Planning for tomorrow’s parking needs will depend in large part on how primary modes of transportation shift. If driverless cars take over, “we would still need garages for car storage, but not as much. Instead, we would need much more space for a 700-car pickup [as employees leave] at the end of the workday,” he says.

In fact, Conway says existing garages may be used just to handle the logistics of this kind of valet drop-off. The parking spaces would no longer require adjacency to the building. The car would drop off and pick up workers at the building, then drive to a remote parking space. The shift to mass drop-offs and pickups may also force rethinking access to buildings.


Credit: Eddie Fortuna

Car storage for autonomous vehicles would not require the same rigidity of today’s parking garages. The layout could stack the cars in a much more compact way. “The goal, of course, would be to build no parking, but we aren’t there yet,” Conway says.

There is a huge opportunity here to re-evaluate how to determine an adequate amount of parking, whether through no-parking requirements, a parking management district to help with mixed-use areas, or a maximum amount of parking per project. But there is also an economic advantage to managing the parking correctly. We have spent decades building space to park mostly in areas where the land is very valuable.
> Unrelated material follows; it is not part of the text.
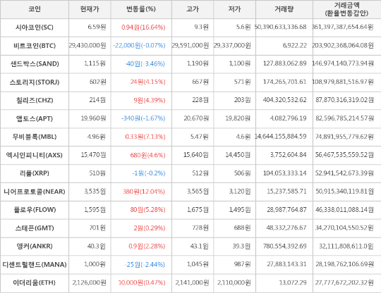 가상화폐 비트코인(-0.07%), 시아코인(+16.64%)
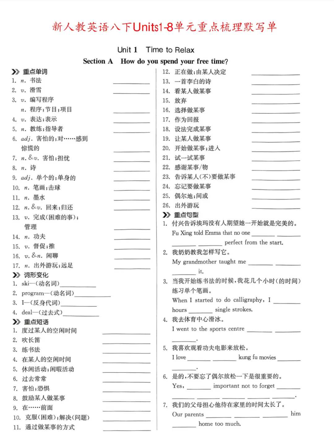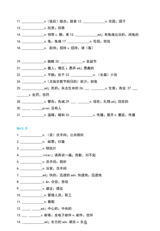(单词默写表)

A generic study of a flat plate garage, with existing rules and constraints beginning with the scale of 60-foot modules (shown dashed). A universally understood dimension, 60 feet is required for 18’ parking spaces on each side of a 24’ drive aisle. Floor to floor heights could be coordinated to correspond with typical floor to floor heights in its future, as shown with the residential example, or they could be manipulated so that every other floor is partially removed, as illustrated in the office example. / Credit: Ricardo Leon

The economics at play make it enticing to build more profit-producing space in lieu of parking in areas like Uptown. The current vacant parking space and future vacant parking space are acting like a savings account for prime real estate.

So how can an underutilized parking garage get redeveloped? Well, it may not have been built to easily convert into another use, and tearing it down might be the best solution. But it’s worth thinking twice when building new garages: Is this a structure that can adapt when parking demand changes?

 

Jenny Thomason, AIA, is an associate at Omniplan.